Iowa FFA President Chandler Jahner of Pella said the quest to get Hassman a jacket started last summer, when Iowa FFA Foundation’s Bryon Weesner arranged a meeting for state officers with Hassman.
It is part of Weesner’s job to track past state officers. He was going through his list and he searched Hassman’s name online, hoping to find some historical information.
“I found a picture of Paul in the middle of New Hampton during RAGBRAI several years ago,” Weesner said. “When I called New Hampton FFA advisor Jim Russ and asked if he knew Paul, he said, ‘Absolutely.’”
Hassman is the oldest living past state officer in Iowa, and Weesner’s pretty sure he’s the oldest living state officer in the country.
He thought Hassman’s visit with the state officers might last 15 minutes, but it continued for an hour and 45 minutes. Hassman shared his ideas on the value of hard work, honesty and dedication to the job at hand.
At the end, Hassman told Jahner he bet his FFA jacket would fit him. Jahner let him try it on and “it fit like a glove.”
The Iowa FFA Association and Foundation and New Hampton FFA and Alumni worked together to get Hassman a jacket.
“The blue corduroy jacket unites us as state officers, as FFA members, as a family,” Jahner said during the jacket presentation Oct. 13. “Today we’re given an opportunity to unite the past and present. We’d like to present you, Paul, with your own corduroy jacket.”
With state officers helping, Hassman proudly put on his jacket.
Jahner said FFA has provided him with a lot of great opportunities, but meeting Hassman and presenting him a jacket tops them all.
“To be able to recognize an FFA family member in that way, to say this is how much we owe you, it means the absolute world to me,” Jahner said.
Hassman is part of a huge FFA family, Jahner said.
“When Paul joined the FFA family, Franklin Delano Roosevelt was president, the country was reeling from economic collapse and agriculture was suffering the effects of the Dust Bowl,” Jahner said. “Paul served those individuals who believed in the future of agriculture. It’s something that is incredible to think about today.”
Agriculture has changed since 1934, but meeting Hassman showed Jahner that “the core values that make us who we are haven’t.”
“The conversation with Paul focused on work ethic, dedication and striving to love others, something people in 1934 needed and something that people in 2019 need,” Jahner said.

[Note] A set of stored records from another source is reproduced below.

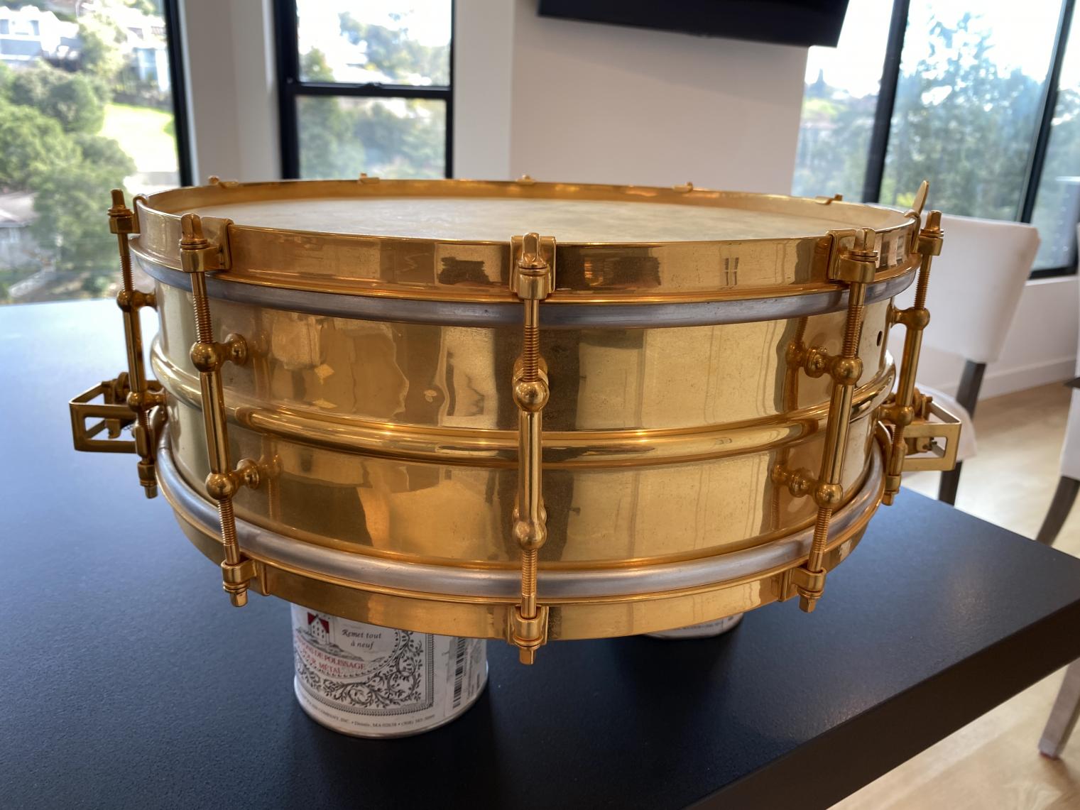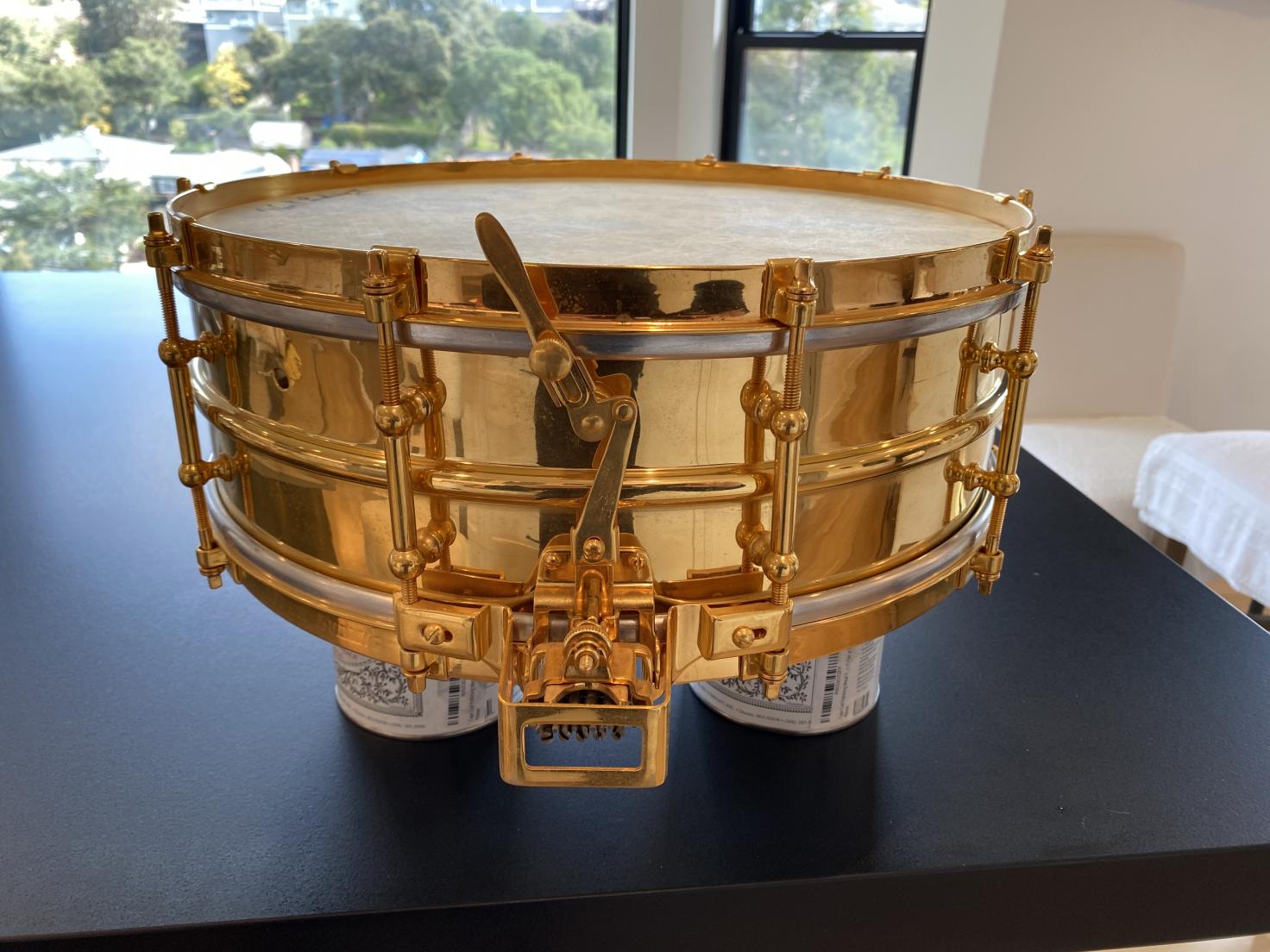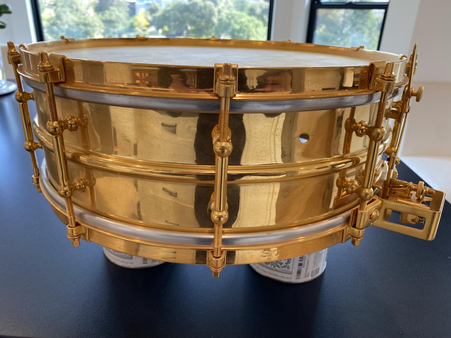 1927-30 LUDWIG & LUDWIG 5 x 15 GOLD PLATED SUPER-LUDWIG THEATER MODEL
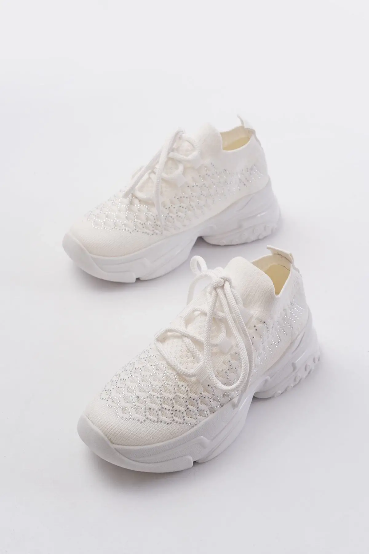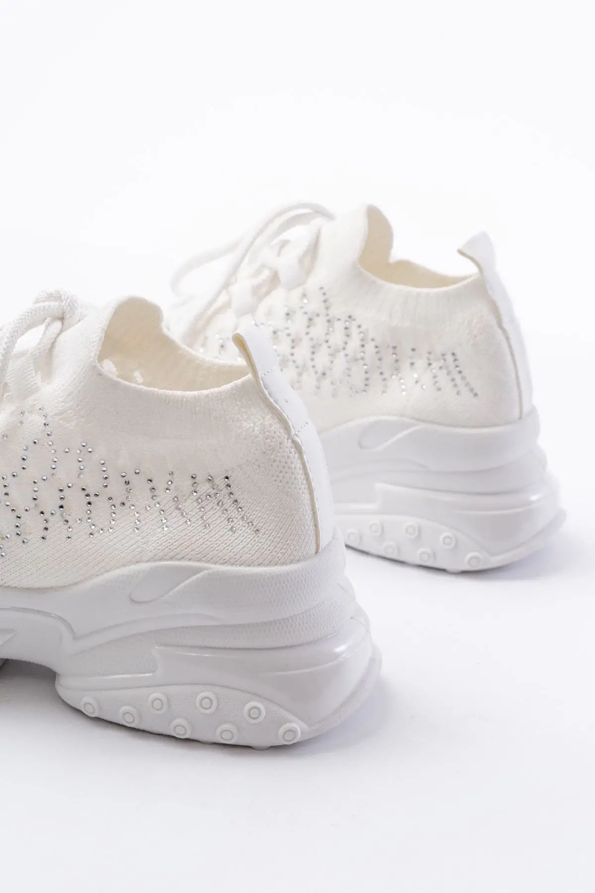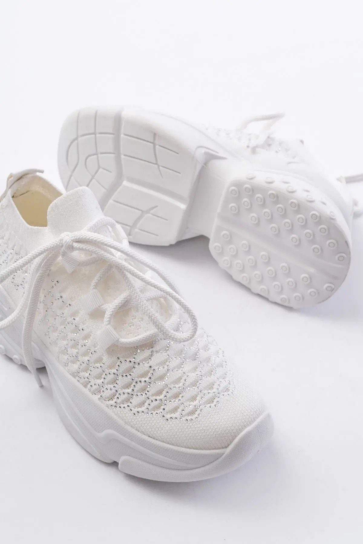 Sp-2024 Beyaz Günlük Bağcıklı Fileli Taş Aksesuarlı Kadın Spor Ayakkabı
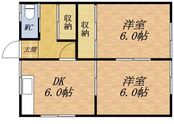 | 間取り詳細 | DK(6帖)、洋室(6帖)、洋室(6帖) | ||

Hassman grew up on a farm south of New Hampton. He got to his first 30 days of high school via horse and buggy. He raised and cared for a Spotted Poland sow and a litter of pigs as his project for his Iowa FFA Degree.
He admits he did not like to study and did not do well in school, but he did enjoy athletics. He was New Hampton’s first state champion wrestler in 1933.
Hassman attended Iowa State University for a couple of years but college was not really his thing. He met his wife, Lucille, there. She was a teacher.
The couple moved back to New Hampton and raised eight children. Hassman ran a trucking business, delivering feed to 13 northeast Iowa counties, and also bought and sold grain.
Hassman lives at Kensington Place Assisted Living in New Hampton, is a long-time Rotarian and community volunteer, and he likes to play Scrabble. He attended the recognition event with his youngest son Kevin.
Hassman offered this advice to FFA members: “Whatever you’re doing, apply yourself and work on it. It’s part of our responsibility to help those who need some help. Be a good neighbor and friend. Don’t be selfish and think too much of yourself.”